3. recommends that the TCS hardware be state-of-the-art and not a copy of the Gemini design which is based on obsolete hardware (VME); the emerging compactPCI standard was mentioned.  CTIO requests top-level look&feel compatibility, but this will suffice.
4. recommends that there be an external technical committee to review major contract specifications for completeness; simply giving a spec. to the vendor might not convey the importance of minimizing overall operational complexity because vendors do not use or normally maintain telescopes. It was also felt that this committee would develop more of a memory of issues as they developed throughout the project than would be the case if we simply populated design reviews with one-time participants.
5. recommends that the project aggressively explore AO with the expectation that additional funds will be found by the partnership to implement it in early operations. The goal is to have the system under construction as SOAR enters commissioning.
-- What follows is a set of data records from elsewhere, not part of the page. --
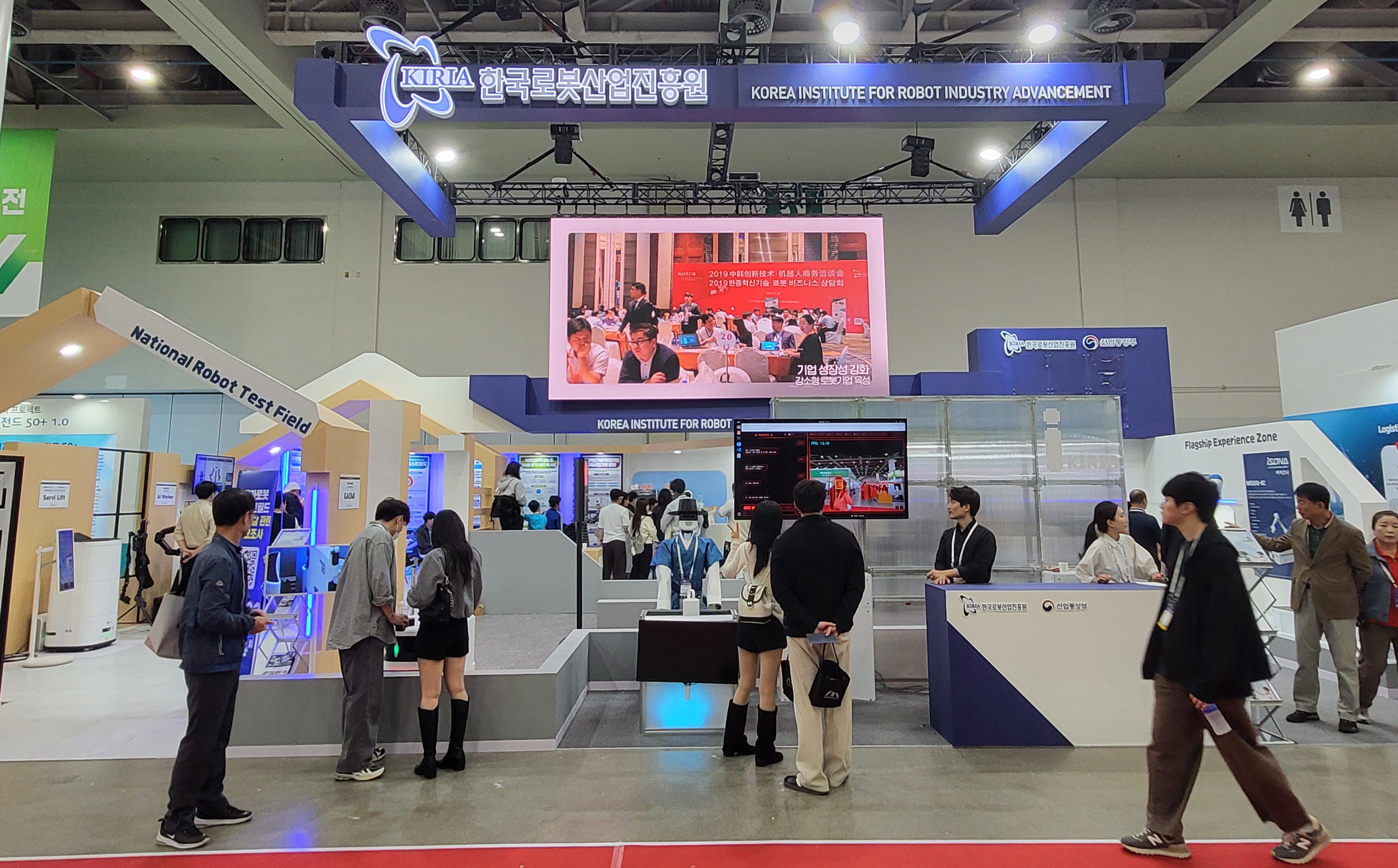 산업통상부 로봇 전문 국책기관이 되는 '한국로봇산업진흥원' 은 국가 로봇 테스트 필드 사업 및 로봇 플래그 쉽 지역거점 사업을 구축하는 등 정부 차원의 로봇 정책을 홍보하며 다양한 로봇 실증 환경을 전시한다.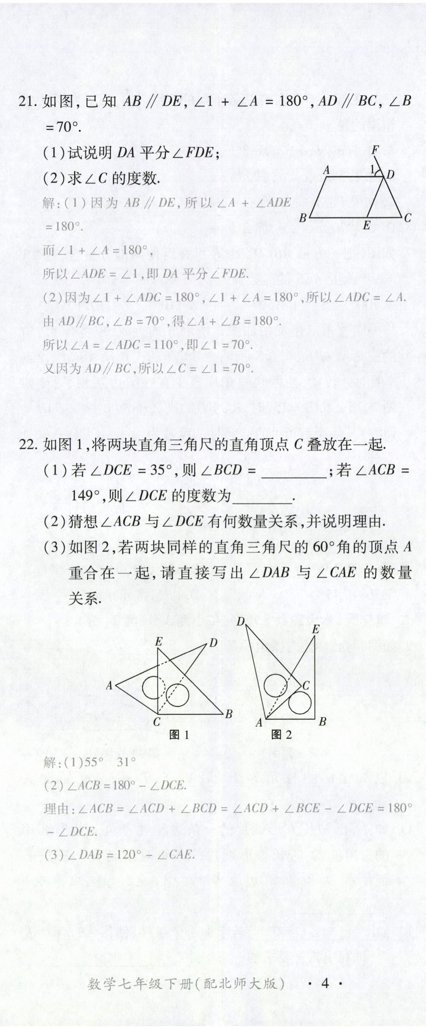 注:目前有些书本章节名称可能整理的还不是很完善,但都是按照顺序排列的,请同学们按照顺序仔细查找。练习册 2024年一课一练创新练习七年级数学下册北师大版 答案主要是用来给同学们做完题方便对答案用的,请勿直接抄袭。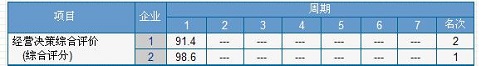 少到150万元,销售人员聘用减少到50名,其它产品改进费用投入减少到了50万元,中期贷款减少到了1450万元等。在某些竞赛环境设置中,如当决策仿真参加者已经能较好地掌握了本系统的决策仿真原理、过程和方法时,主持人会关闭预算功能,此时,可按同样原理由决策仿真参加者自行进行决策方案调整,以促使参加者自主决策,提高决策水平。将调整好的方案输入决策表单,即可得最终的第一周期企业经营决策调整方案如下: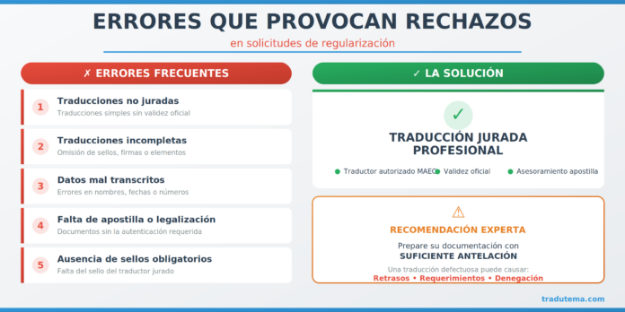 Una traducción no jurada, incompleta o sin apostilla puede provocar el rechazo o archivo de una solicitud de regularización, incluso si se presenta dentro de plazo.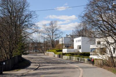 | 95 | 1963 | Villa/eneboliger | Villa og sju mindre eneboliger (adresse 95B–H) i tegl, arkitekt Beng Espen Knutsen. Tidl. Jagtvillaen, lafta tømmerhus i dragestil, revet tidlig i 1960-åra. | |

Serious efforts to raise the necessary funds should therefore begin now, and design work should commence in about 1 year (the same timescale appropriate for the instruments.) Instrument designs should include provision for upgrade to AO when this makes sense scientifically.
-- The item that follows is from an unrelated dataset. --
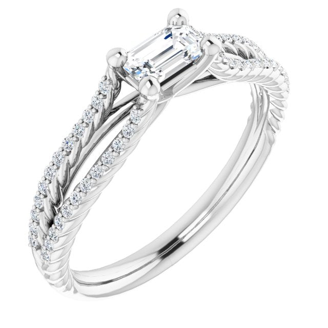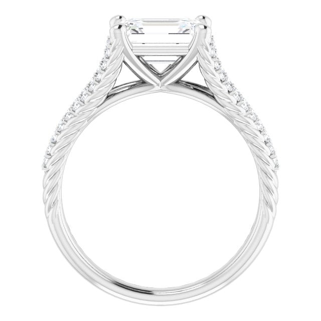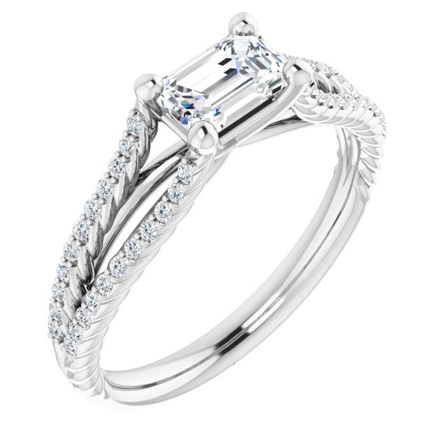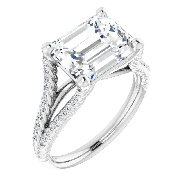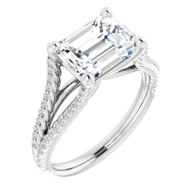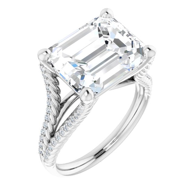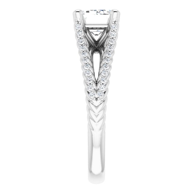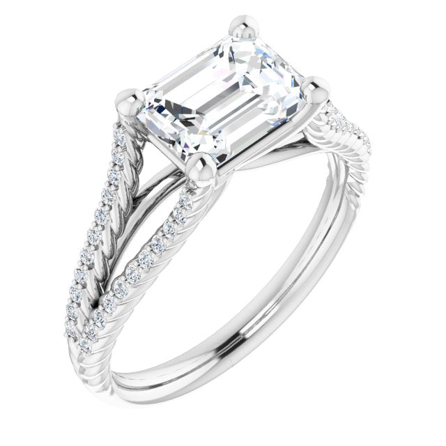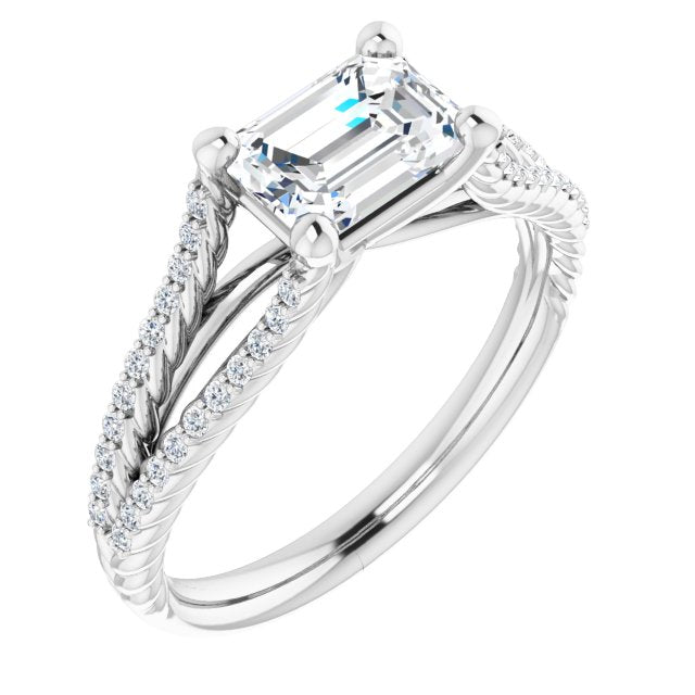 10K White Gold Customizable Emerald/Radiant Cut Style with Split Band and Rope-Pavé

6. developed consensus on project science goals. The refined Science Requirements draft will be released to the partnership for comments in early Dec.
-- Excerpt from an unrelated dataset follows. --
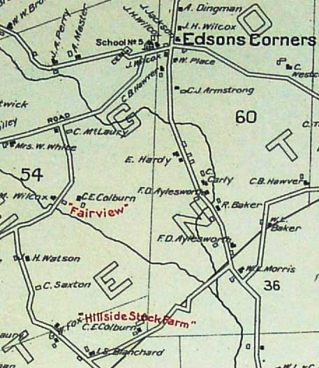 One possible explanation for this discrepancy can be found in the 1903 atlas cited earlier. The name C.E. Colburn appears twice on the Milford page: by the red label “Hillside Stock Farm,” and further to the north, by another named farm, “Fairview.” The house and barn labeled “Fairview” no longer exist; only cornfields appeared at that location in 2014. Perhaps Hillside Stock Farm extended all the way across the creek to “Fairview,” and Charles had buildings at both ends. The larger farmhouse might have once been at the northern, “Fairview” end, which is much nearer to Edson’s Corners. The smaller house near the big barn at the southern end might have housed workers or other family members.

7. To implement this science, the SAC has selected the following 5 instruments. They will be subjected to further study by sub-committees to sharpen the science goals. The aim is not to develop instruments by committee.
• IR imager: 3 pixel sampling at 0."08/pixel. A collimated beam is required for thermal baffling, and so an opportunity to install optics for spectral resolution. Increasing fov is secondary to optimal sampling in top-quartile conditions because SOAR will compete with the new 2m wide-field telescopes (they will be diffraction limited >1.5 microns) and Gemini (where SOAR is diffraction limited >3 microns compared to Gemini.) HgCdTe is acceptable if the IR spectrometer is InSb-based to provide 2.5 - 5 micron imagery via its acquisition mode.
• Optical imager: envisioned as a straight to focus imager w/ filter cassette. For both IR and optical imagers, the bigger FOV is better in terms of science (up to the very expensive size of the isokinetic patch.)
• high-throughput (>50%) bore-sight optical stellar spectrometer w/ R=5,000 to 30,000. Tradeoffs between image-slicing and UV transmission will be explored.  Goal is to make this instrument as inexpensive as possible consistent with high-throughput.
• 0.36 - 1.7 micron 2000+ element IFU @ center field suitable for AO, w/ a ring of apertures for sky subtraction. Provide an upgrade path to multi-fiber IFU's that cover a 15-arcmin field.
• limited spatial coverage IR spectrometer. Implement an image slice to deal with variable seeing, 1K^2 is the minimum acceptable format. R>5000 to work between OH lines, another R to put one full atmospheric band on the detector, and a cross-dispersed mode covering multiple bands.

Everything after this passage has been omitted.